### THE PROBLEM:
Starting at the line below that contains "Брюки из хлопковой" and ending at the line that contains "в середину положить", retype each line exactly as it stands, but omit the pictures.

### ENTRIES PROVIDED:

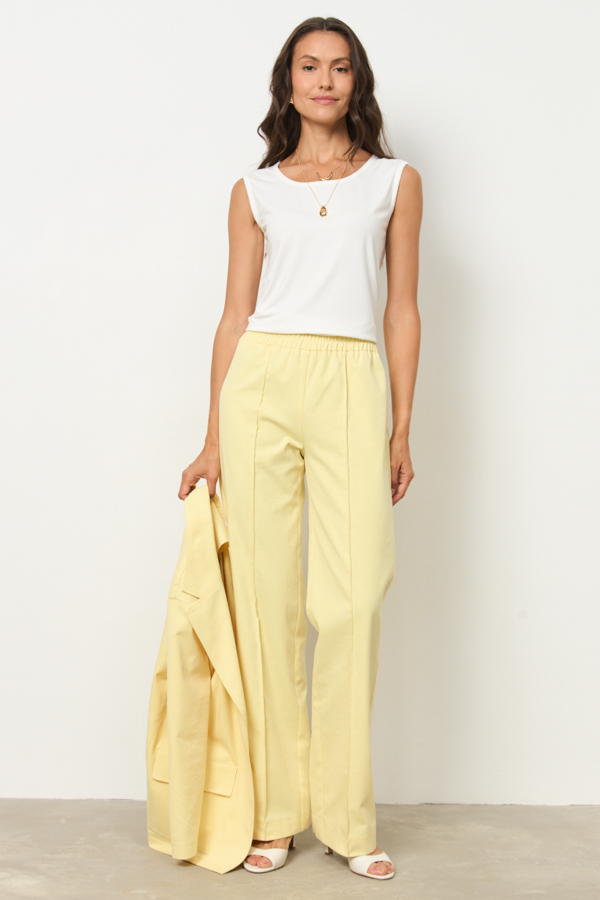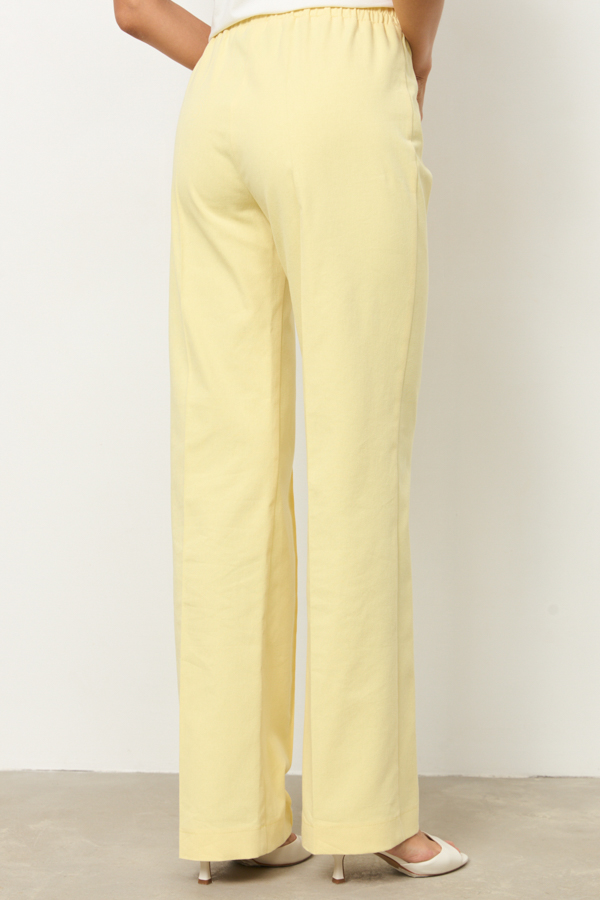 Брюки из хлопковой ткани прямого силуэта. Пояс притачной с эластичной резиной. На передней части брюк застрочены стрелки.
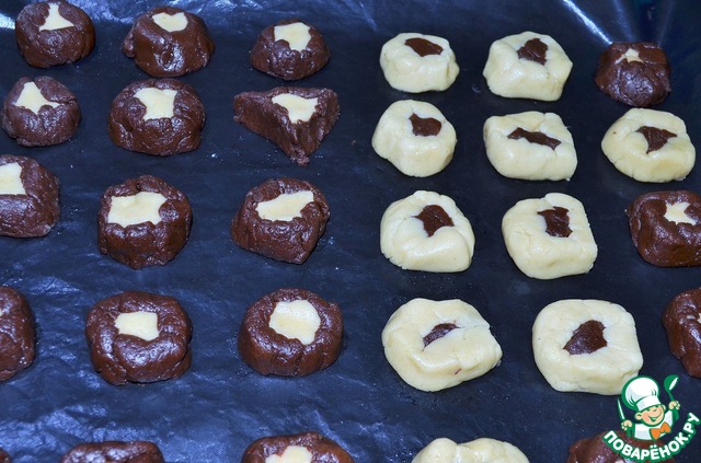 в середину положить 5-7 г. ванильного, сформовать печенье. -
---
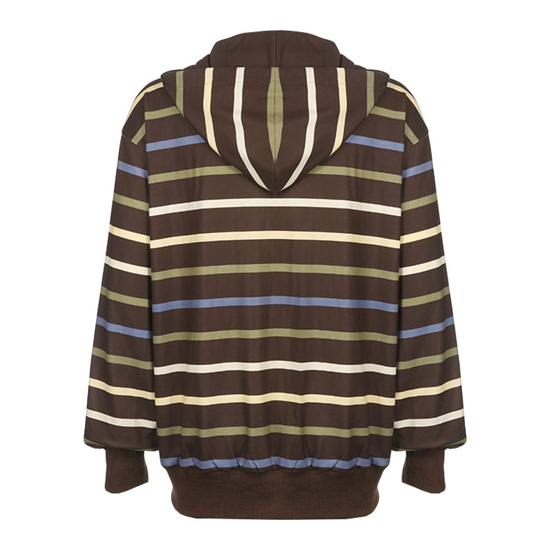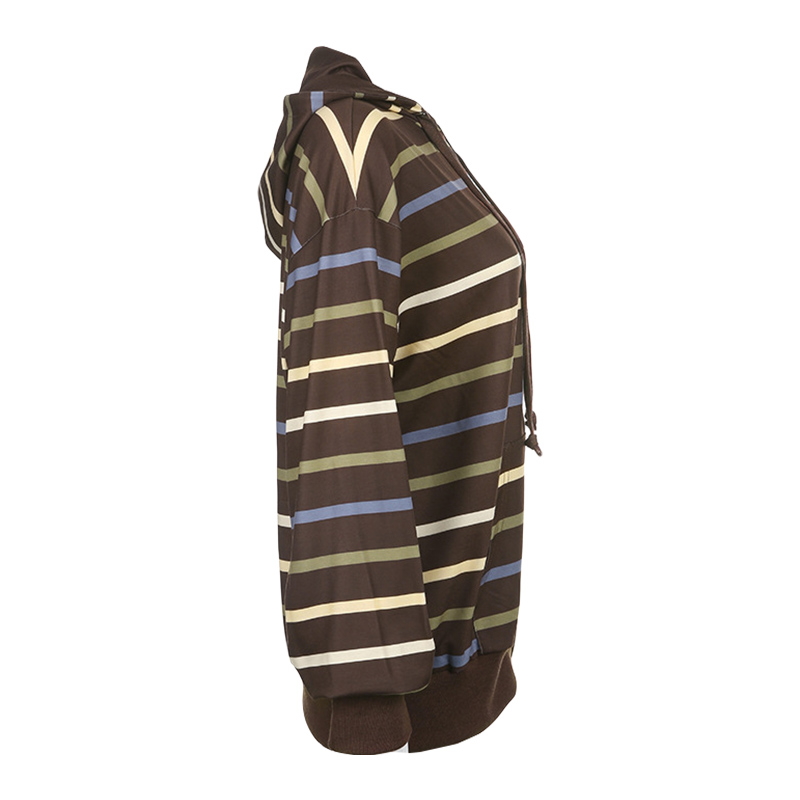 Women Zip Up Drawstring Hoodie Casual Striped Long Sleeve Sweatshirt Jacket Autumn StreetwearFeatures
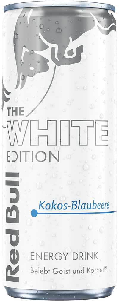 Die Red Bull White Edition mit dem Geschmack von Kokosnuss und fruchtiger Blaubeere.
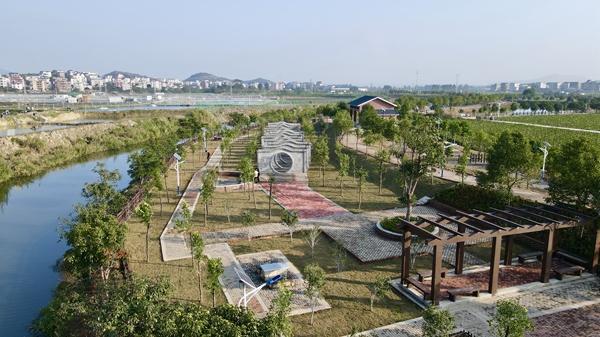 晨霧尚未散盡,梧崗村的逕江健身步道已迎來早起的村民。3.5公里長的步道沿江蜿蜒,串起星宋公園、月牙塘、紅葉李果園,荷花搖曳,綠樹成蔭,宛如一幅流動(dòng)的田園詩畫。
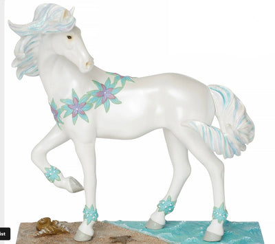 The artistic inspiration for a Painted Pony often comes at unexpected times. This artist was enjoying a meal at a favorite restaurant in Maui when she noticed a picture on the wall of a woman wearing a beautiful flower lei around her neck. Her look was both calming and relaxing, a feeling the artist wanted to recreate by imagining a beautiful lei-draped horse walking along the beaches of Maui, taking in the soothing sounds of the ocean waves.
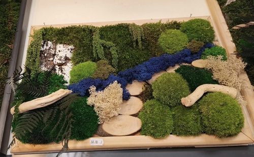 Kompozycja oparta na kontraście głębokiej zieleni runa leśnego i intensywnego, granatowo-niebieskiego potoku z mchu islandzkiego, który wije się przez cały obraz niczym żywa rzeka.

### EXERCISE RESULT:
 Брюки из хлопковой ткани прямого силуэта. Пояс притачной с эластичной резиной. На передней части брюк застрочены стрелки.
 в середину положить 5-7 г. ванильного, сформовать печенье. -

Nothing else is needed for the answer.